▶ [Dataset section]:
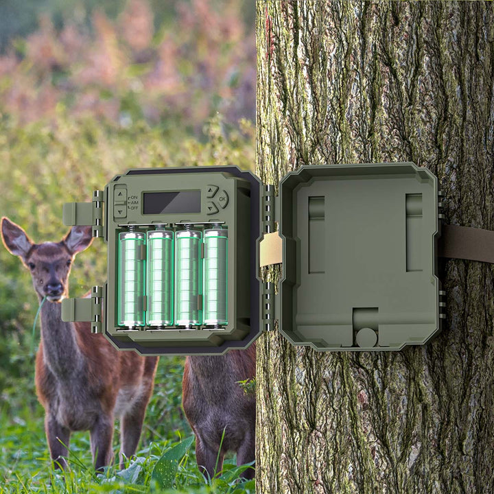 This wildlife camera only needs 4 AA batteries, which reduces the size and weight of the camera. Extremely low power consumption in standby mode allows for the camera to be put on the field longer without having to swap out batteries.
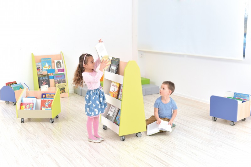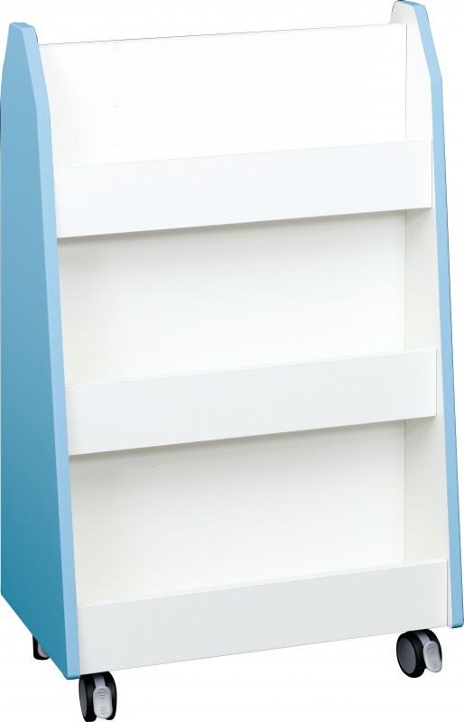 A bútorlapból készült gurulós könyvespolc mérete gyerekek magasságához lett kialakítva. A polc háromszögletes kialakítása lehetővé teszi, hogy mind a két oldalára lehessen könyveket vagy játékokat tenni. Oldalanként 3-3 tárolópolc található rajta. Alján lévő 4 kereke segít a könnyed mozgathatóságban. A polc két oldalsó lapja kék színű, a test és a polcok előlapjai fehérek. A polc színes MDF bútorlapból és 1,8 cm-es laminált bútorlapból készül. Mérete: 90x38x98 cm, mélysége: 8/10/14 cm Lapraszerelt termék.
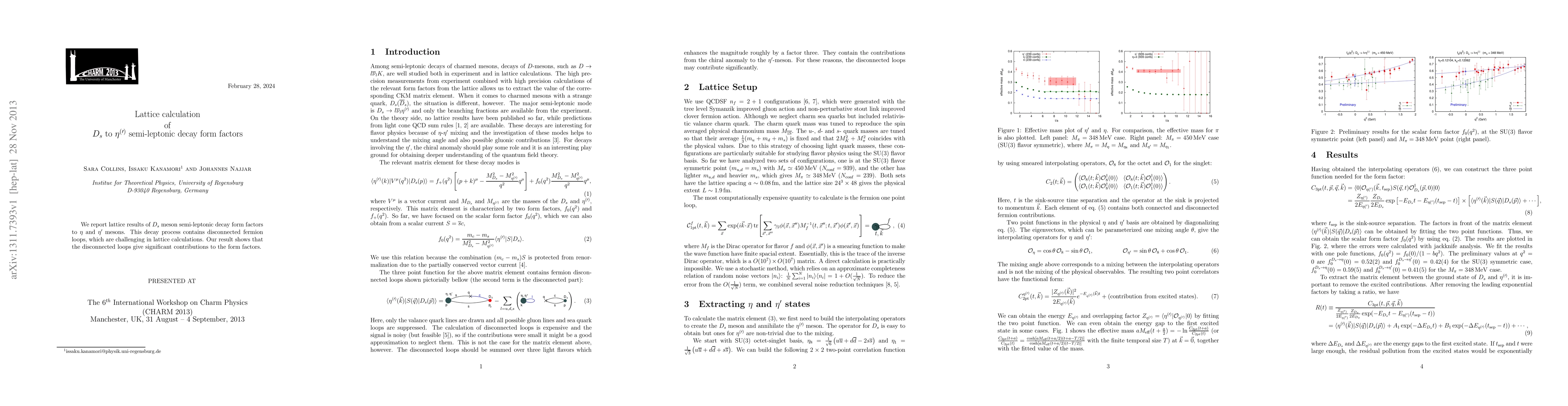 We report lattice results of $D_s$ meson semi-leptonic decay form factors to $\eta$ and $\eta'$ mesons. This decay process contains disconnected fermion loops, which are challenging in lattice calculations. Our result shows that the disconnected loops give significant contributions to the form factors.
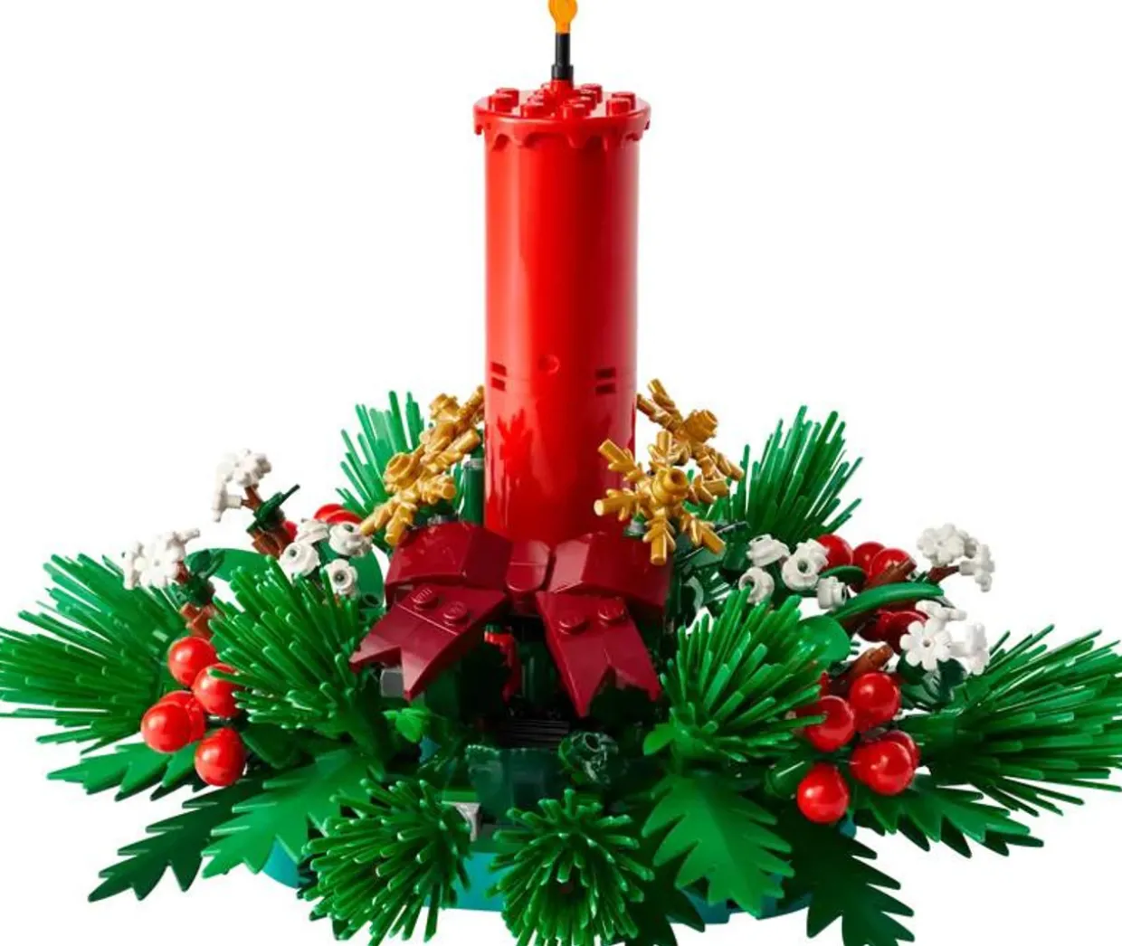 - Festive joy – The Christmas LEGO® set features a red candle at its center, surrounded by red berries, golden stars and green foliage

▶ [What to produce]:
After locating the line with "A bútorlapból készült" in the listing above, transcribe it and every line after it to the last, exactly, with no pictures.

▶ [Exercise solution]:
 A bútorlapból készült gurulós könyvespolc mérete gyerekek magasságához lett kialakítva. A polc háromszögletes kialakítása lehetővé teszi, hogy mind a két oldalára lehessen könyveket vagy játékokat tenni. Oldalanként 3-3 tárolópolc található rajta. Alján lévő 4 kereke segít a könnyed mozgathatóságban. A polc két oldalsó lapja kék színű, a test és a polcok előlapjai fehérek. A polc színes MDF bútorlapból és 1,8 cm-es laminált bútorlapból készül. Mérete: 90x38x98 cm, mélysége: 8/10/14 cm Lapraszerelt termék.
 We report lattice results of $D_s$ meson semi-leptonic decay form factors to $\eta$ and $\eta'$ mesons. This decay process contains disconnected fermion loops, which are challenging in lattice calculations. Our result shows that the disconnected loops give significant contributions to the form factors.
 - Festive joy – The Christmas LEGO® set features a red candle at its center, surrounded by red berries, golden stars and green foliage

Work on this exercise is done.